「はぁ・・・、参りましたよ」
浪川先生は苦笑しながら椅子を引いた。
「早速問題ですか?」
浪川先生はそのまま2年生だった生徒達と共に持ち上がり、クラス替えをした3年生の担任を受け持つことになっている。
3年生といえば、受験本番。
気苦労が絶えなさそうだ。
「問題ですよ。全く・・・、前担任からは引き継いでいましたけど、どうしてあんなに頑なかな・・・」
「あー、結城君ですかぁ」
その名前を聞いて、ドキリとした。
結城君とは、あれから本当に必要最低限の話しかすることがなくなった。
アパートでも、会うことがほとんど無い。
最初の頃に、戻っただけだ。
在るべき姿に戻った。
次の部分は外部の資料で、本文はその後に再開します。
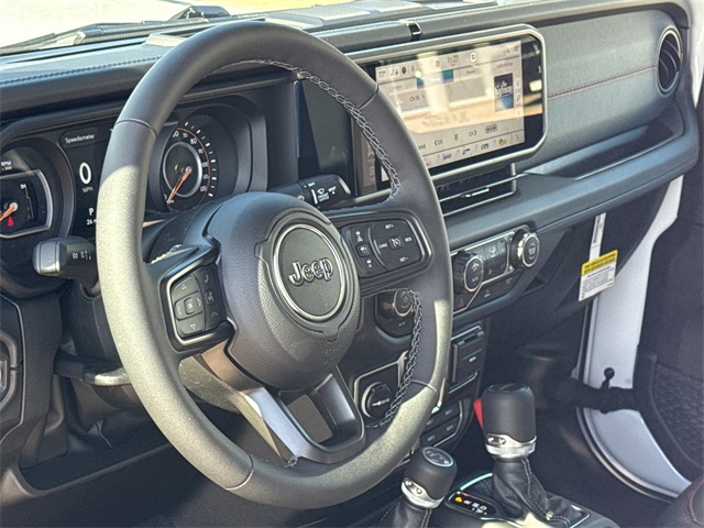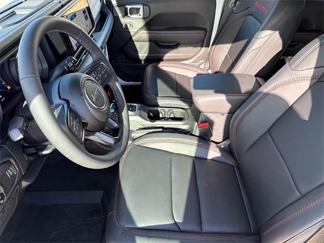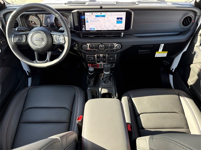 2026 Jeep Gladiator Rubicon 4D Crew Cab bright white clearcoat 4WD 8-Speed Automatic 3.6L V6 24V VVT This vehicle comes well equipped with Convenience Group (Heated Front Seats, Heated Steering Wheel, Remote Start System, and Universal Garage Door Opener), Quick Order Package 24R Rubicon, Steel Power Dome Hood Package (Power Dome Dual Vented Hood), Gladiator Rubicon, 4D Crew Cab, 3.6L V6 24V VVT, 4WD, bright white clearcoat, and Black Leather Convenience Group (Heated Front Seats, Heated Steering Wheel, Remote Start System, and Universal Garage Door Opener), Quick Order Package 24R Rubicon, Steel Power Dome Hood Package (Power Dome Dual Vented Hood), Gladiator Rubicon, 4D Crew Cab, 3.6L V6 24V VVT, 4WD, bright white clearcoat, Black Leather, 110 Mph Vehicle Max Speed Calibration, 12.3" Touchscreen Display, 4-Wheel Disc Brakes, 4.10 Rear Axle Ratio, 4G LTE Wi-Fi Hot Spot, 8 Speakers, ABS brakes, Air Conditioning, Alexa Built-in, Alloy wheels, AM/FM radio: SiriusXM with 360L, Apple CarPlay, Apple CarPlay/Android Auto, Automatic temperature control, Body Color 3-Piece Hard Top, Brake assist, Cloth Low-Back Bucket Seats, Compass, Connectivity - US/Canada, Delay-off headlights, Driver door bin, Driver vanity mirror, Dual front impact airbags, Dual front side impact airbags, Electronic Stability Control, Emergency communication system: Jeep Connect, For Details, Visit DriveUconnect.com, Freedom Panel Storage Bag, Front anti-roll bar, Front Bucket Seats, Front Center Armrest w/Storage, Front dual zone A/C, Front fog lights, Front License Plate Bracket, Front reading lights, Fully automatic headlights, Google Android Auto, Heated door mirrors, Illuminated entry, Integrated Center Stack Radio, Integrated roll-over protection, Low tire pressure warning, MOPAR All-Weather Slush Mats, MOPAR Spray in Bedliner, Occupant sensing airbag, Outside temperature display, Overhead airbag, Panic alarm, Passenger door bin, Passenger vanity mirror, Performance Suspension, Power door mirrors, Power steering, Power windows, Radio data system, Radio: Uconnect 5 with 12.3" Display, Rear anti-roll bar, Rear reading lights, Rear Sliding Window, Rear Window Defroster, Remote keyless entry, Security system, SiriusXM Radio Service, SiriusXM with 360L, Speed control, Split folding rear seat, Steering wheel mounted audio controls, Tachometer, Telescoping steering wheel, Tilt steering wheel, Traction control, Trip computer, USB Host Flip, Variably intermittent wipers, Voltmeter, Wheels: 17" x 7.5" Machined with Black Pockets, and Wheels: 17" x 7.5" Machined/Painted BlacK.

それだけのこと。
「結城君がどうかしたんですか?」
「進学しないって言うんですよ」
「え・・・」
どうして・・・?あの時、解決したんじゃなかったの?
喉まで出かけて、慌てて飲み込んだ。
「絶対勿体無いと思うんですよ。結城なら有名大学だって狙えるだろうに」
ほら。
誰だってそう思う。
結城君は教師のエゴだとか言っていたけど、少しでも良い選択肢に導いてやりたいと思うのが教師だ。